Na perspectiva deste académico, se “a votação de domingo” apontar para o sim à separação de Espanha, os passos seguintes serão os previsíveis e “não levantam problemas”: a Catalunha iniciará um período de negociação com a Espanha e a União Europeia (UE). E não se antecipa, “por não ser do interesse de nenhuma das partes”, que se ergam fronteiras físicas entre “dois Estados diferentes” que integram o mesmo espaço europeu. “Não é do interesse de nenhuma parte que a Catalunha deixe a União Europeia”, refere.

No entanto, para aderir à UE, a Catalunha não poder ter a oposição de nenhum Estado-membro, ou seja, a Espanha terá de estar de acordo — o que não se antecipa, em ambiente de confronto. Há outro obstáculo: o tratado da UE não prevê que um país se possa cindir de outro já na UE sem que isso ocorra dentro da Constituição nacional.

A visão dos investidores

Com a pressão a aumentar, e o risco político a acentuar-se, os analistas e investidores institucionais desataram a emitir opiniões. Na sua edição de ontem, o El País referia que o Bank of America Merrill Lynch, o ING, a agência Moody’s, o JP Morgan e o Goldman Sachs muniram-se de relatórios sobre a situação catalã. E “se a maioria considera remota a hipótese de secessão”, os analistas “da Merrill Lynch, do Oxford Economics e da Goldman Sachs antecipam “uma escalada de tensões políticas” que são um obstáculo a um final feliz.

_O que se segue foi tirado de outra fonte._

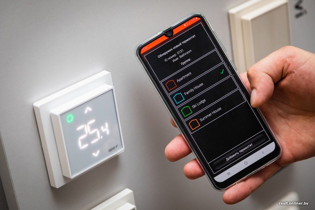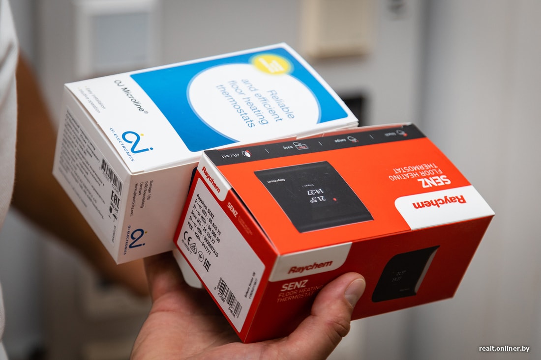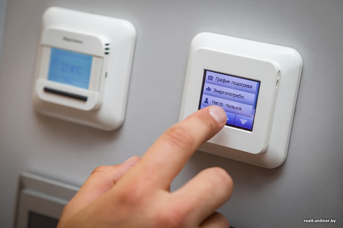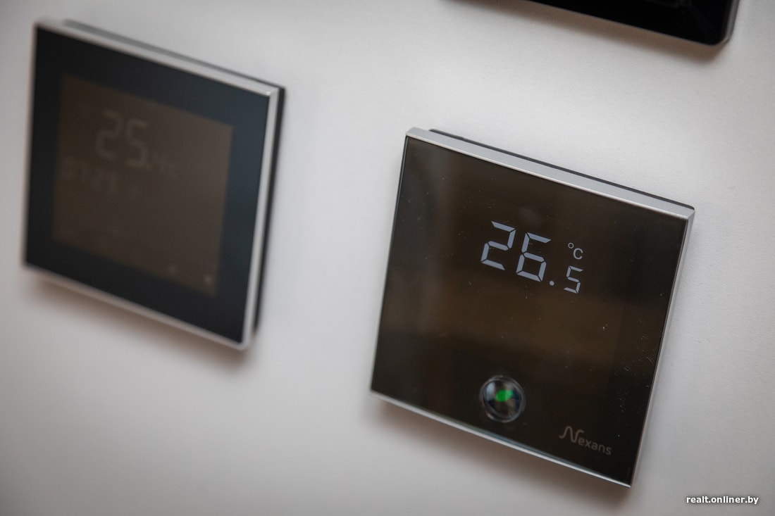 Покупка теплого пола — это еще полдела и полцены. Без терморегулятора все это добро не работает. Так что потратиться придется еще и на «умное» окошко в стене, которое можно подобрать в тон розеткам и выключателям.

E algumas das observações colocam no centro o CaixaBank. A 18 de Setembro, o jornal económico Expansión salientava que as incertezas geradas pelo braço-de-ferro entre Barcelona e Madrid levaram a uma onda de recomendações “sem precedentes” de afastamento do título CaixaBank, com a Redburn e a Goldman Sachs a avisarem que “a entidade financeira catalã deixou de ser uma opção de compra”.

Ainda assim o Expansión observava que nos últimos três meses os analistas reavaliaram positivamente o CaixaBank, o que levou a uma subida do preço médio em mais de 4%. Só que “agora estão a tomar precauções”, por medo das perturbações que se podem desencadear a partir de segunda-feira. E sublinhava que a entidade catalã mantinha a melhor evolução anual do Ibex 35, com uma subida de 38%. Ontem a cotação caiu apenas 1,5%.

Esta situação abre a porta a várias interpretações: os investidores não estão preocupados com a eventual secessão da Catalunha de Espanha, pois sabem que o CaixaBank como principal activo da região será protegido; os investidores não acreditam nesta possibilidade, e já descontaram que não vai haver independência; os investidores andaram distraídos. E é esta última perspectiva que é partilhada pelo JP Morgan, um dos bancos que vieram a público tomar posição.

Esta terça-feira, em comunicado emitido através da agência Bloomberg, o banco norte-americano destaca que “a crise constitucional que atinge Espanha, pelo separatismo catalão, está a ser analisada com complacência pelos investidores”. E considera mesmo que os investidores “ainda não interiorizaram” os riscos associados a uma vitória do sim no referendo.

Por isso, o JP Morgan aconselha os clientes a “venderem dívida pública espanhola e a comprarem obrigações [do Tesouro] de Portugal e da Alemanha e adoptarem posições curtas”. Com um aviso: “Devem fazê-lo assim que possível.”

Dias antes, a agência de notação financeira Moody’s veio defender que a independência da Catalunha “debilitaria a fortaleza económica” de Espanha. E destacou o peso económico e demográfico da Catalunha, com um produto interno bruto per capita superior à média nacional, no conjunto do Espanha. A Moody’s admite que a crescente deterioração da situação política poderá acabar na reavaliação em baixa de risco de crédito da Catalunha e de Espanha.